Жизнь Вассиана Патрикеева оборвалась трагически: после суда он был отправлен в заточение в Волоцкий монастырь, где его, по свидетельству современника, «по мале времени уморили».
7. Через суды и заточения прошел и другой идеолог нестяжательства Артемий Троицкий (даты жизни неизвестны). Он был игуменом Троице-Сергиева монастыря и играл видную роль в церковно-политической жизни XVI в. В 1553 г. за критику «любостяжательного» монашества старец Артемий был сослан в Соловецкий монастырь, откуда сумел бежать в Литву вместе с еретиком-антитринитарием Феодосием Косым. В этот период жизни принимал активное участие в борьбе с «люторскими учителями», протестантизмом. От него сохранилось 14 посланий; в числе его корреспондентов были царь Иван Грозный, опальный князь A.M. Курбский, белорусский просветитель Симон Будный и др.
Основу учения Артемия Троицкого составляют проблемы морали, нравственности.
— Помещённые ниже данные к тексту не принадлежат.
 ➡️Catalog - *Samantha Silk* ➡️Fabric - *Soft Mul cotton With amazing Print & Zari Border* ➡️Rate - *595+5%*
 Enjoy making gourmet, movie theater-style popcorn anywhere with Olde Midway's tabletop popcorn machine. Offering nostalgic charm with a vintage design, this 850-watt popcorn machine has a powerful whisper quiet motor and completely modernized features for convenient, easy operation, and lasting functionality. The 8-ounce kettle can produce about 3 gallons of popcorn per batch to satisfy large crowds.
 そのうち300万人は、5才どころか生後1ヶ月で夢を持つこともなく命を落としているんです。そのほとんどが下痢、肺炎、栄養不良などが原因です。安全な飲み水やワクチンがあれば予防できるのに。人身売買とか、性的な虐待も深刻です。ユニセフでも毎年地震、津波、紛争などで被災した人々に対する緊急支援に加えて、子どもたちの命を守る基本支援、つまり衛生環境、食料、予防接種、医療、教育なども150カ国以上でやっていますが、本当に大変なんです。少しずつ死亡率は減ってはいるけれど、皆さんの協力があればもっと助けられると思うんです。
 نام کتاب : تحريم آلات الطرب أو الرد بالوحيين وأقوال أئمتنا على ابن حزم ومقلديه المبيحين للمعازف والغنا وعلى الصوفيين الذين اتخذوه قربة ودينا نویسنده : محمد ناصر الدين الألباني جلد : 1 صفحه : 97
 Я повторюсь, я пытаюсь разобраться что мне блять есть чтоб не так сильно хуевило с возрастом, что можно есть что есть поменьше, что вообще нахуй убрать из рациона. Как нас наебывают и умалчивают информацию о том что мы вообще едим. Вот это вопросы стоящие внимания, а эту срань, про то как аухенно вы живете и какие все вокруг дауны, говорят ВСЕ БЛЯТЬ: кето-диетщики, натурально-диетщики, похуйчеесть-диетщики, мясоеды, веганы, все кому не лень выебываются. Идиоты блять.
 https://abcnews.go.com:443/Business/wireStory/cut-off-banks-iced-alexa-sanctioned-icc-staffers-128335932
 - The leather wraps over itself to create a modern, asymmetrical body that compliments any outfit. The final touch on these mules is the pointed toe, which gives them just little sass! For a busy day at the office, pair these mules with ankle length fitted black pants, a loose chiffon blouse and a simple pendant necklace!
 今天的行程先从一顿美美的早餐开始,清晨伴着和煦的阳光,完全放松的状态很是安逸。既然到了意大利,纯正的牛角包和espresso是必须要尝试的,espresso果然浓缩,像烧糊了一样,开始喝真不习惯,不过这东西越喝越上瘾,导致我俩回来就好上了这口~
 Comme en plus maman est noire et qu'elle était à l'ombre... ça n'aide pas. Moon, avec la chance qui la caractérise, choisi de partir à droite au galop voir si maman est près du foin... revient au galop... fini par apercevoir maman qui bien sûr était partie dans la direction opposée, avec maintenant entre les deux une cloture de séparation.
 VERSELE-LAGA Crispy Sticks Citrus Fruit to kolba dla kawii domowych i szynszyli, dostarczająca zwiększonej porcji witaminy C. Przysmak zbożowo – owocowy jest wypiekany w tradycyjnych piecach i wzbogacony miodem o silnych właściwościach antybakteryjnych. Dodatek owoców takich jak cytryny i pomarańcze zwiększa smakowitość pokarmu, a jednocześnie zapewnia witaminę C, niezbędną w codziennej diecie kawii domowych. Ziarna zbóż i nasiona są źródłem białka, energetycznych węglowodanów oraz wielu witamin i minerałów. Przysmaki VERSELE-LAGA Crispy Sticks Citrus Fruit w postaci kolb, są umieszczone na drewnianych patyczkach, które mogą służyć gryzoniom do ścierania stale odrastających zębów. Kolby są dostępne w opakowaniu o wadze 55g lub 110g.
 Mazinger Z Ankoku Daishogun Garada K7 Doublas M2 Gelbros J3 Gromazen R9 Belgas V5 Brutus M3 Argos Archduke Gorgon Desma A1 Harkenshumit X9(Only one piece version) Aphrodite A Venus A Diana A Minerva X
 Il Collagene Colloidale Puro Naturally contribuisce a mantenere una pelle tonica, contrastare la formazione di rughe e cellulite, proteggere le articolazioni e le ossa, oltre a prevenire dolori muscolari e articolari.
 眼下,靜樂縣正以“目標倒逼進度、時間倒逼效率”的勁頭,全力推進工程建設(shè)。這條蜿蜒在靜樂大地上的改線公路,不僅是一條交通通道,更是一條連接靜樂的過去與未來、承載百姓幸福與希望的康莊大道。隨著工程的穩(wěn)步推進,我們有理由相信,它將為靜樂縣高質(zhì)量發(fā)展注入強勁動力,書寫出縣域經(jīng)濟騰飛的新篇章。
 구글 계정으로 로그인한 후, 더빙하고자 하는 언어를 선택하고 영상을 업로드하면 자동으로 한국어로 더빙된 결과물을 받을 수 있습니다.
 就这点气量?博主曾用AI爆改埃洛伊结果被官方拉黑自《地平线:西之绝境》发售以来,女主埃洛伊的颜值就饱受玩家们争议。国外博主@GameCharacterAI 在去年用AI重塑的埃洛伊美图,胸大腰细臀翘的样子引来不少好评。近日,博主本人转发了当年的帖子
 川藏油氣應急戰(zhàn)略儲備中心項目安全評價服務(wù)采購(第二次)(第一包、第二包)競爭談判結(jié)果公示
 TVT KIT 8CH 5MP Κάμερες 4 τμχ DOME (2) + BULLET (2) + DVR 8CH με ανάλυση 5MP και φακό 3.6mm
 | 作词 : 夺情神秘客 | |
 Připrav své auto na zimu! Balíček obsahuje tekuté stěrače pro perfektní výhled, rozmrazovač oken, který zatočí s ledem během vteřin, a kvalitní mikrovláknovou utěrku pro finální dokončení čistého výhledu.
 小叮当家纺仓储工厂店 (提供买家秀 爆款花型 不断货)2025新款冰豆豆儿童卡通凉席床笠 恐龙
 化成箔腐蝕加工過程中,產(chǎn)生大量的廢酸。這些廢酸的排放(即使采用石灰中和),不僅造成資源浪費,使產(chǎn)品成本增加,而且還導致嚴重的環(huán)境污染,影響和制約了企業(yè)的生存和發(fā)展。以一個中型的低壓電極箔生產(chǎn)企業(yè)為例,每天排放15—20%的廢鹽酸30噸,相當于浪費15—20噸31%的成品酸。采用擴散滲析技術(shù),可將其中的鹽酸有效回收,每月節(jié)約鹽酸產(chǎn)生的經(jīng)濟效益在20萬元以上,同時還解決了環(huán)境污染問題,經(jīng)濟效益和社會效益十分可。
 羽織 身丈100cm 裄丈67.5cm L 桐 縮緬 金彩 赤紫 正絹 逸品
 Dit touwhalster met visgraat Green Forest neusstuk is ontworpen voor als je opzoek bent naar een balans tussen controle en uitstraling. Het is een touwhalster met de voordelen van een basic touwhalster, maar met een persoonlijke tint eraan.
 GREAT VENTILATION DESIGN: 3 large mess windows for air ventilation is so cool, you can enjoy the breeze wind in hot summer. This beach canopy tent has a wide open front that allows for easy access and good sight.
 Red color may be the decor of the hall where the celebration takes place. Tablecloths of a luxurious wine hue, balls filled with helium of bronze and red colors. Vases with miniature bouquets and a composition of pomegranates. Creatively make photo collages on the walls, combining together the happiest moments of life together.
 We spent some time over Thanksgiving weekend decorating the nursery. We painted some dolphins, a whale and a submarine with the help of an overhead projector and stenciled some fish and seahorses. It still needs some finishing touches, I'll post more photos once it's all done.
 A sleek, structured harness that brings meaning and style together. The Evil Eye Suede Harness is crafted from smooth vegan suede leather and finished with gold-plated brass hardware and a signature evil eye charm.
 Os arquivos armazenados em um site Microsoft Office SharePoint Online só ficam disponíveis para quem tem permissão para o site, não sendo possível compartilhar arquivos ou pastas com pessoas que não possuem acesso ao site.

В каждом человеке, на его взгляд, изначально присутствует наклонность к добру. Ее видимый образ любовь к ближнему. Это самая естественная добродетель, под влиянием которой творятся все благие дела в мире, «Злоба же или страсть не суть естественна»; она возникает вследствие умаления добродетели, подобно болезни при оскудении здоровья или тьме при отшествии света. Причина зла — сам человек; «злое убо Бог ни сотвори, ни созда». В отличие от всех живых существ человек — единственный, кого божественное провидение предоставило самому себе. Свобода воли и дает начало либо любви к ближнему, либо человеческой злобе.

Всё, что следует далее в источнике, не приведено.